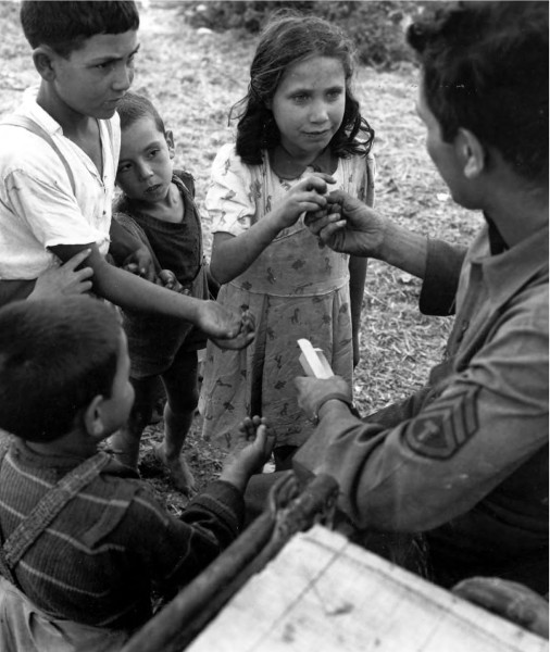 INOCULATING EGYPTIAN WORKER WITH TYPHUS VACCINE. In June of 1942 a separate command was formed in Cairo, called the U. S. Army Forces in the Middle East (USAFIME). Natives working with U. S. personnel were usually under Army medical supervision. Those handling food were subject to physical inspection and received medical treatment and whatever immunization inoculations were indicated for the locality. The use of preventive medicine stopped the outbreak of epidemics.
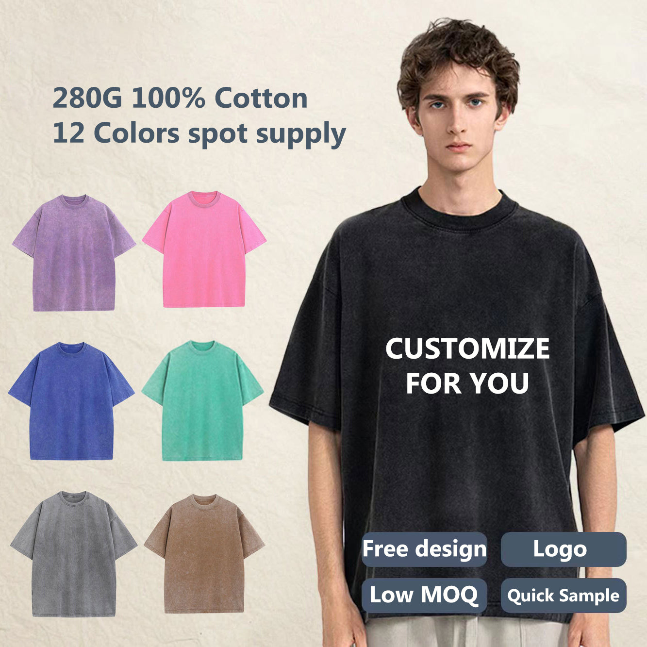 Retro Washed T-shirt pure cotton 280g drop shoulder hip-hop street fashion
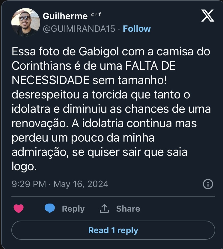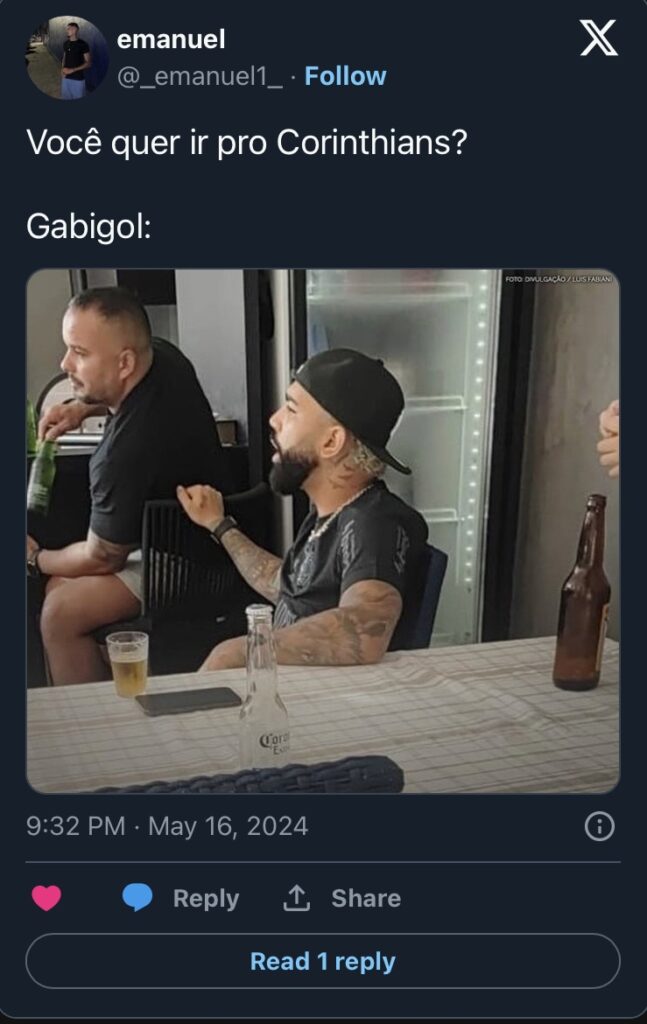 A foto de Gabigol gerou agitação e curiosidade entre os torcedores do Corinthians, que especulam sobre o futuro do jogador. Enquanto isso, entre os torcedores do Flamengo, a reação foi de desagrado, com alguns chegando a afirmar que o jogador perdeu sua idolatria no clube.
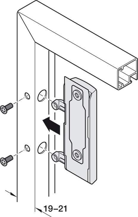Область застосування для стулок з алюмінієвим каркасом шириною 19–21 мм додаток до Häfele Free space 6.15 і Free space 5.15 push матеріал він знав
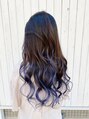 根元から毛先にかけて流れるようなブルーのグラデーションカラーがお洒落度MAX! 暗髪ベースだから挑戦しやすく、色落ちの過程も楽しめるデザインです。周りと差をつけるクールなスタイルはいかがですか?
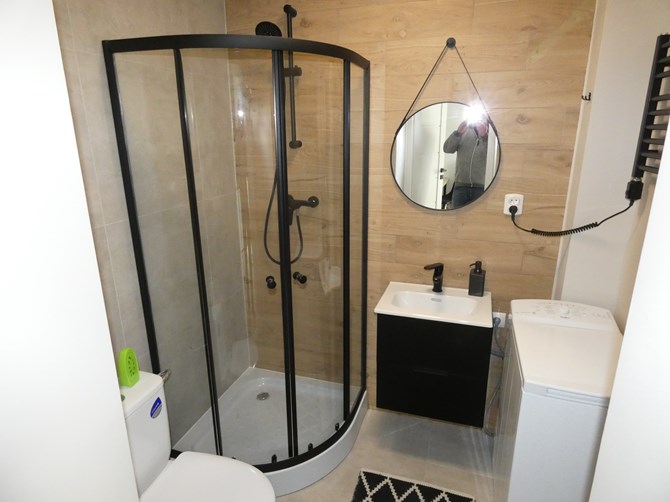 Łazienka razem z WC: kabina prysznicowa, lustro z umywalką, szafka, pralka.

——————————

Exercise brief
Your copy must start at the line that holds "Область застосування для" and end at the last line of the data, both included; it must contain no pictures.

Solution for this problem
Область застосування для стулок з алюмінієвим каркасом шириною 19–21 мм додаток до Häfele Free space 6.15 і Free space 5.15 push матеріал він знав
 根元から毛先にかけて流れるようなブルーのグラデーションカラーがお洒落度MAX! 暗髪ベースだから挑戦しやすく、色落ちの過程も楽しめるデザインです。周りと差をつけるクールなスタイルはいかがですか?
 Łazienka razem z WC: kabina prysznicowa, lustro z umywalką, szafka, pralka.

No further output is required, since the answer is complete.